Dass ich dann im Rollenspielladen und später auf dem Unicon rumhing, war auch ganz böse. Da gab es nicht nur Gewalt, sondern auch Comichefte, in denen Frauen mit Kettensägen zerstückelt werden. Das stimmte allerdings wirklich, war mir aber egal, ich wollte eh nur mit männlichen Helden große Schwerter schwingen und abends am Lagerfeuer kameradschaftlich zusammenrücken. Das hat meine Eltern irgendwie nie misstrauisch gemacht; auch vor Drogen hatten sie nie Angst, Gewalt, das war immer das schlimmste. Dementsprechend ist die ödeste Rollenspielrunde meines Lebens auch "Silvanas Befreiung" mit meinen Eltern, wo sie sich geweigert haben, auch nur irgendwas umzubringen. Warum die Orks denn böse wären?
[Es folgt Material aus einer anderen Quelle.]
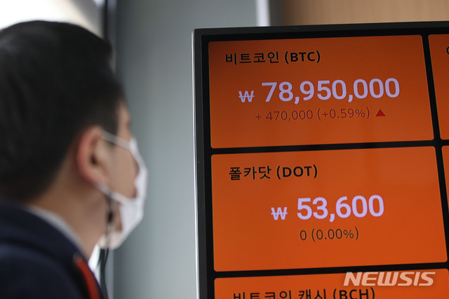 [서울=뉴시스]박주성 기자 = 비트코인이 8천만원을 돌파할지 관심이 쏠리고 있는 가운데 11일 오전 서울 빗썸 강남고객센터 전광판에 비트코인 시세가 표시돼 있다. 2021.04.11. [email protected]

Dass ich Orks einfach an und für sich böse fand bzw. irgendwie dachte: "Ja, manno, wenn ihr die nicht umhaut, kommt doch das Spiel nicht in Gange, wenn ich in Wirklichkeit welche treffen würde, würde ich die auch nicht umbrigen" -das war der Beginn von Rollenspieltheorie oder so.
Drogen und Sex kamen später, wobei da eher Comics dran schuld waren. In U-Comics war eigentlich immer irgendwas drin, was mich nicht schlafen ließ bzw. mit einflüsterte, dass es mit Drogen noch witziger wäre bzw. über das ich mich mit 16 kaputt gelacht habe, wenn ich rote Augen hatte. "Das ist gar keine echte Hose" hat mir mal einen halben Milzriss beschert vor lauter Lachen. den Rest von dem Gag weiß ich nicht mehr. Tja. Hexenmeister vom flammenden Berg und die ganzen anderen FFs hatte ich auch, aber halt aus der Bücherei, da kam kein Verdacht auf, warum ich mir so lange mit glasigen Augen das Cover von "Die Höhlen der Schneehexe" angestarrt habe. Aus der Bücherei können keine verwirrenden Sachen für vorpubertierende Jungs kommen. Ich meine, die "Höhlen" der Schneehexe - hallo? Mutti? Mitgedacht? Na ja.
Meine lange währende Abneigung gegen D&D rührt wohl daher, dass meine Mutter mich mal genötigt hat, "Die Rückkehr der Regenbogendrachen" mit ihr zusammen durchzuspielen, das war so eine Rose Estes-Spielbuch ohne Würfeln. Ich meine, D&D und ohne Würfeln und dann noch so ödipale Dynamiken. Kein Wunder, dass ich irgendwann PtA gespielt habe. Kurz gesagt, Rollenspiel war schon irgendwie der erste Schritt raus aus der linken Spießerhölle. Nintendo durfte ich auch erst nicht und später dann doch. Es ist nicht zu fassen.